Assigned task:
In duplicating the lines below, keep every word unchanged and drop the pictures.

Provided data:
= = = =
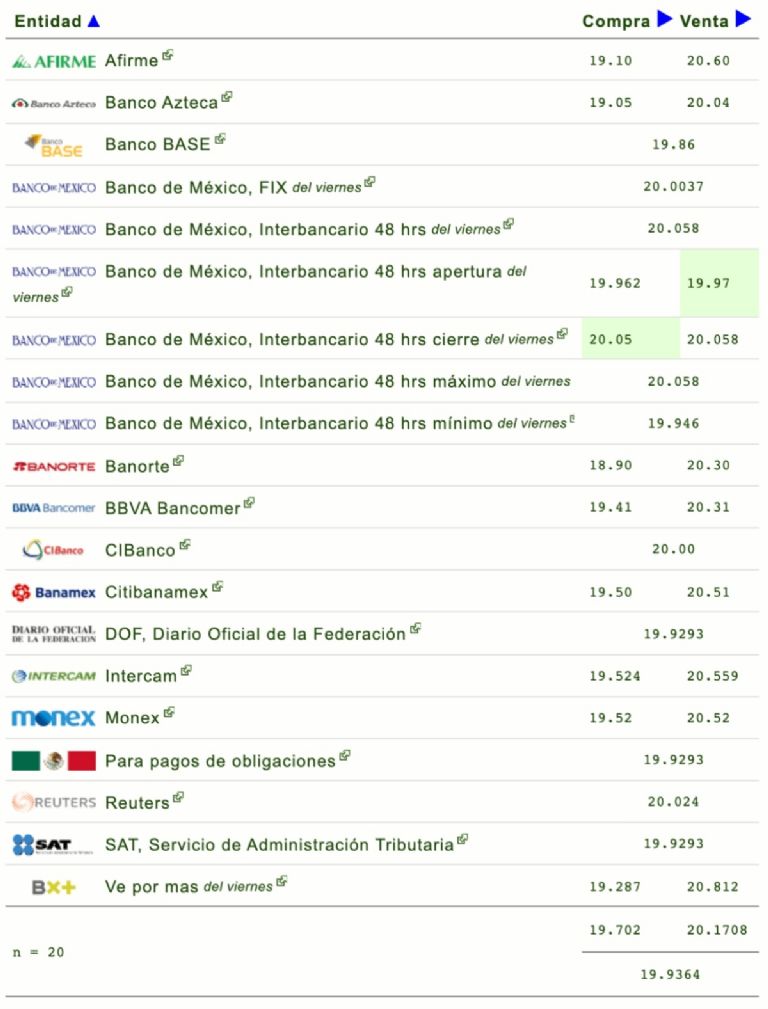 De acuerdo con los promedios de los principales bancos en México, el dólar estadounidense tiene un valor de compra de 19.70 pesos por dólar mientras que su valor de venta es de 20.17 pesos por cada dólar americano: Compra: 19.70 Venta: 20.17 El peso mexicano retrocedía el viernes y se enfilaba a cerrar la semana con pérdidas arrastrado por una fortaleza global del dólar, luego de la publicación de datos positivos de creación de empleo no agrícola en Estados Unidos durante julio. La bolsa, por otra parte, cerró la jornada con un ligero declive, aunque anotó su cuarta ganancia semanal consecutiva, mientras los inversionistas se mantenían a la espera de la votación de un plan de infraestructura en Estados Unidos el fin de semana. ![]() La moneda cotizaba en 20.0422 por dólar casi al final de la sesión, con una depreciación del 0.64% frente al precio de referencia de Reuters del jueves. En la semana, el peso acumuló una caída de un 0.94%. "Este es el segundo mes que el dato de empleo de Estados Unidos supera las expectativas del mercado", dijo Gabriela Siller, directora de análisis de Banco Base. "(Esto) apoya la especulación de que la Reserva Federal muestre un cambio en su postura hacia el cierre del año", añadió. El Departamento de Trabajo de Estados Unidos informó que en julio se crearon 943 mil empleos no agrícolas en ese país, por encima de los 870 mil previstos por el consenso de analistas y de los 938 mil registrados el mes anterior. En tanto, el referencial índice S&P/BMV IPC, integrado por las acciones más líquidas del mercado, cedió un marginal 0.04% a 51,113.85 puntos, mientras que en la semana avanzó un 0.48%. "Las señales técnicas positivas en México y en Wall Street podrían mantenerse si este fin de semana se logra la aprobación en el Congreso de Estados Unidos del programa de infraestructura del presidente Joe Biden por un billón de dólares", dijeron analistas de la consultoría MetAnálisis en un reporte. En el mercado de deuda, el rendimiento del bono a 10 años ascendió cuatro puntos base a un 7.04%, mientras que la tasa a 20 años subió cinco a un 7.69%. |
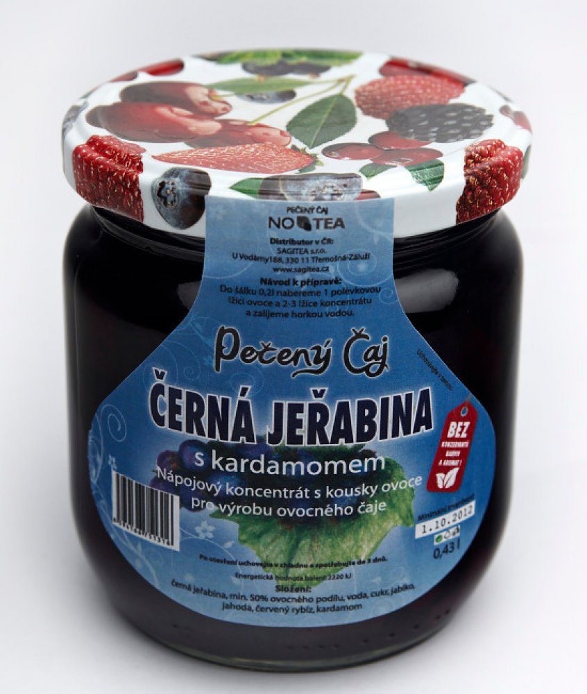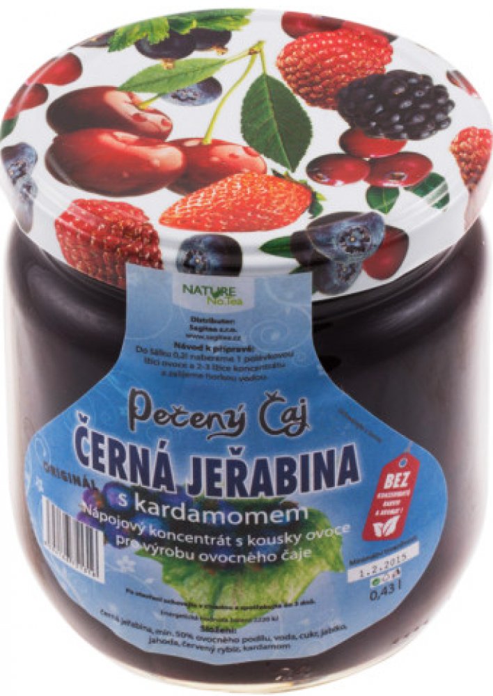 Složení: Černá jeřabina, kousky jabka, jahod, černého rybízu a kardamon, voda, (50% ovocného podílu)
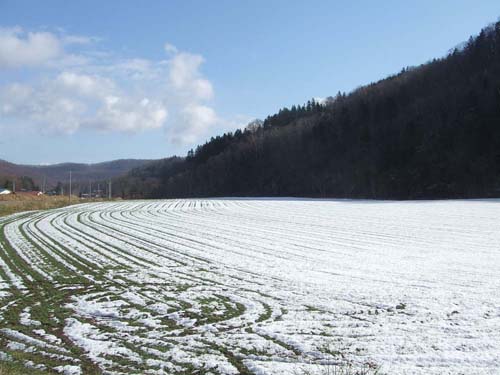 青青とした畑に雪が積もっている風景って、どうしても違和感ありますよね……。
= = = =
Solution to this task:
 De acuerdo con los promedios de los principales bancos en México, el dólar estadounidense tiene un valor de compra de 19.70 pesos por dólar mientras que su valor de venta es de 20.17 pesos por cada dólar americano: Compra: 19.70 Venta: 20.17 El peso mexicano retrocedía el viernes y se enfilaba a cerrar la semana con pérdidas arrastrado por una fortaleza global del dólar, luego de la publicación de datos positivos de creación de empleo no agrícola en Estados Unidos durante julio. La bolsa, por otra parte, cerró la jornada con un ligero declive, aunque anotó su cuarta ganancia semanal consecutiva, mientras los inversionistas se mantenían a la espera de la votación de un plan de infraestructura en Estados Unidos el fin de semana. ![]() La moneda cotizaba en 20.0422 por dólar casi al final de la sesión, con una depreciación del 0.64% frente al precio de referencia de Reuters del jueves. En la semana, el peso acumuló una caída de un 0.94%. "Este es el segundo mes que el dato de empleo de Estados Unidos supera las expectativas del mercado", dijo Gabriela Siller, directora de análisis de Banco Base. "(Esto) apoya la especulación de que la Reserva Federal muestre un cambio en su postura hacia el cierre del año", añadió. El Departamento de Trabajo de Estados Unidos informó que en julio se crearon 943 mil empleos no agrícolas en ese país, por encima de los 870 mil previstos por el consenso de analistas y de los 938 mil registrados el mes anterior. En tanto, el referencial índice S&P/BMV IPC, integrado por las acciones más líquidas del mercado, cedió un marginal 0.04% a 51,113.85 puntos, mientras que en la semana avanzó un 0.48%. "Las señales técnicas positivas en México y en Wall Street podrían mantenerse si este fin de semana se logra la aprobación en el Congreso de Estados Unidos del programa de infraestructura del presidente Joe Biden por un billón de dólares", dijeron analistas de la consultoría MetAnálisis en un reporte. En el mercado de deuda, el rendimiento del bono a 10 años ascendió cuatro puntos base a un 7.04%, mientras que la tasa a 20 años subió cinco a un 7.69%. |
 Složení: Černá jeřabina, kousky jabka, jahod, černého rybízu a kardamon, voda, (50% ovocného podílu)
 青青とした畑に雪が積もっている風景って、どうしても違和感ありますよね……。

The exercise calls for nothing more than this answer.